In 1995, the Cleveland Indians hit 207 home runs. Albert Belle, Jim Thome, Manny Ramirez, Paul Sorrento, and Eddie Murray all reached the 20 home run mark.

A decade later in 2005, a year of contention, the Indians matched that total and could even field a lineup of hitters with at least 16 home runs

In 2010, 15 years from that powerful '95 year, the Indians are in danger of not even having one player reach that mark for the first time since 1983.

Andre Thornton and Gorman Thomas, the only players with double digit home runs, were both three shy of 20. With just about a month left in the season, Shin-Soo Choo is the only one close enough to hit 20 this season, something he barely did last year to prevent this statistic from being a reality in 2009.

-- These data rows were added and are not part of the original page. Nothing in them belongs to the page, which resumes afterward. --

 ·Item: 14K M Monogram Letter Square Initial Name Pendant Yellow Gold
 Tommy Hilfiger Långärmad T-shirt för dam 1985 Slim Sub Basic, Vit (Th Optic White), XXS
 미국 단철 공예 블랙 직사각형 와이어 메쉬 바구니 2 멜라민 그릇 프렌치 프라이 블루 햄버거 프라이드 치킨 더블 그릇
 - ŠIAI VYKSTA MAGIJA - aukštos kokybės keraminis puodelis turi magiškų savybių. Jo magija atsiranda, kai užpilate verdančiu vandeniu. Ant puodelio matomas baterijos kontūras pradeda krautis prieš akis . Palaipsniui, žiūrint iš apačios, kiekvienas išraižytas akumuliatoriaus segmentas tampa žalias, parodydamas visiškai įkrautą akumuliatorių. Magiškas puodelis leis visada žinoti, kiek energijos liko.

Even in the down years of Mark Shapiro’s rebuilding phase, the club found someone to hit 20 home runs in a season. I guess you could pin injuries to the club’s biggest home run threats as a reason for this year’s scare, but there actually is an overall lack of power within the organization.

So much so that it has to be concerning.

Choo missed a good chunk of time due to injuries, so one would figure that if he had that time back, plus the month that he has still left to play, he surely would reach the number in question, but he’s the only one even close.

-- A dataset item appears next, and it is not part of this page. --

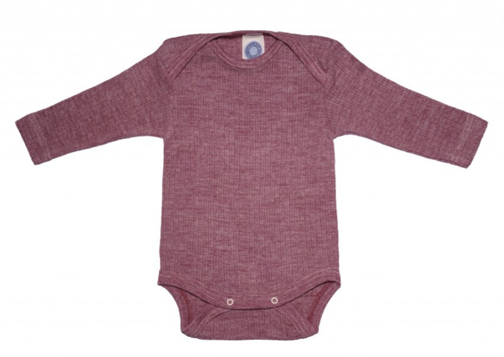 Body dziecięce z wełny merino, bawełny i jedwabiu Cosilana z długim rękawem, kolor bordowy melanż

As it stands, there are only two players right now in the organization that have even reached that number and Choo may be the only one who has a legitimate chance to join them. Jared “Rare Breed” Goedert leads the organization with 25 home runs, and Matt McBride recently joined the ranks of 20 this past week.

J. Goedert

25 (18 AAA, 7 AA) A. Abraham 13 (A-)
M. McBride 20 (3 AAA, 17 AA) N. Weglarz

13 (AAA, 7 AA)

C. Santana 19 (6 MLB, 13 AAA) S. Duncan 13 (7 MLB, 6 AAA)

L. Chisenhall

17 (AA) J. Rodriguez 12 (11 AAA, 1 AA)
J. Head 17 (2 AAA, 15 AA) C. Frawley 11 (A-)
S. Choo 15 (MLB) C. Chen 11 (5 A+, 6 A-)
J. Kipnis 15 (9 AA, 6 A+) J. Tice 11 (2 A+, 9 A-)
M. LaPorta 14 (9 MLB, 5 AAA) K. Sanchez 10 (A+)
W. Hodges 13 (AAA) T. Hafner 10 (MLB)
C. Kersten 13 (3 A+, 10 A-) J. Nix 10 (9 CLE, 1 CHW)

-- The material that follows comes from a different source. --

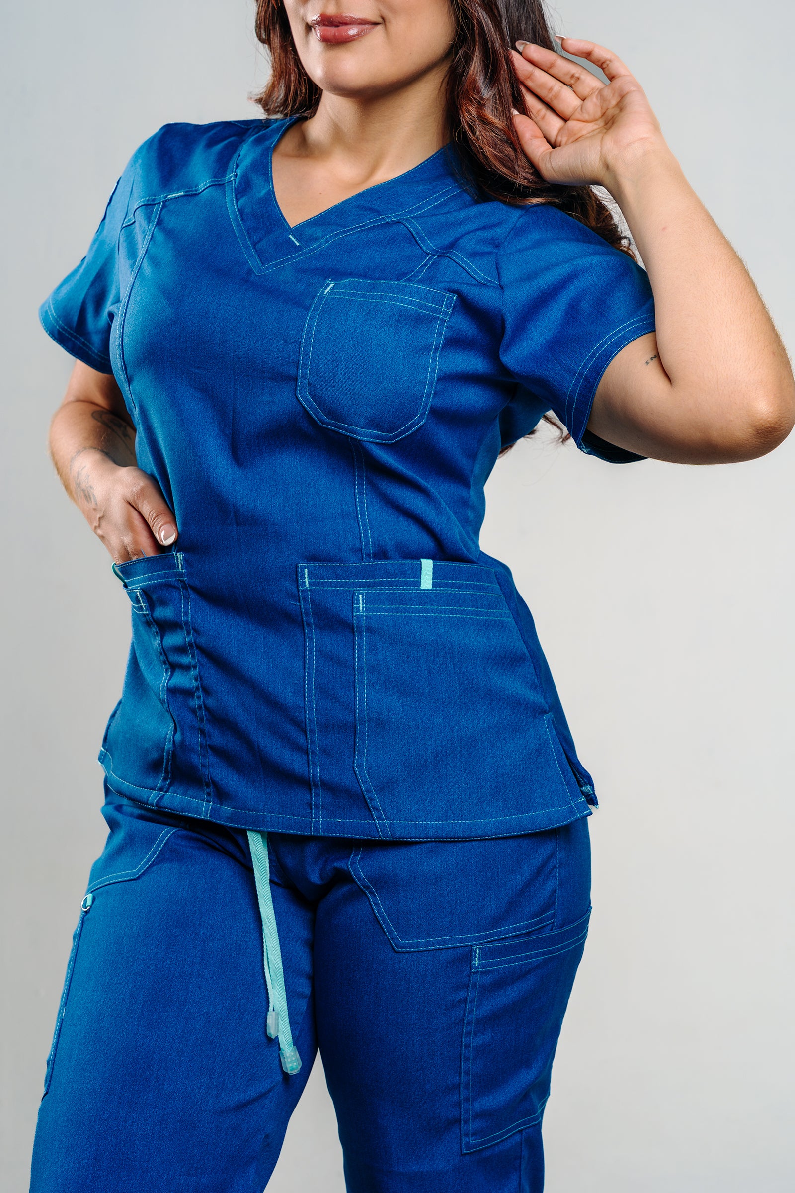 Uniforme antifluido confeccionado en tela Lafayette con cuello redondo en punta, ideal para profesionales que buscan resistencia, comodidad y diseño moderno. La tela Lafayette ofrece durabilidad superior, protección antifluidos y fácil mantenimiento, garantizando un look impecable durante toda la jornada.

Take a look at the full-list of players in the organization that have hit at least 10 home runs this season.

Up until this year, Goedert wasn't even on the major league radar and by most accounts a player like Jerad Head is an organizational body. Jason Kipnis isn't a power hitter and Lonnie Chisenhall's greatest attribute is his flat-out hitting, not necessarily his power numbers.

I know he's missed time and he isn't the "Pronk" of old, but isn't it the least bit sad that Karexon Sanchez has as many dingers as Travis Hafner? I'm one of the last people to get on Pronk, but seeing him barely making this list is, for lack of a better term, deflating.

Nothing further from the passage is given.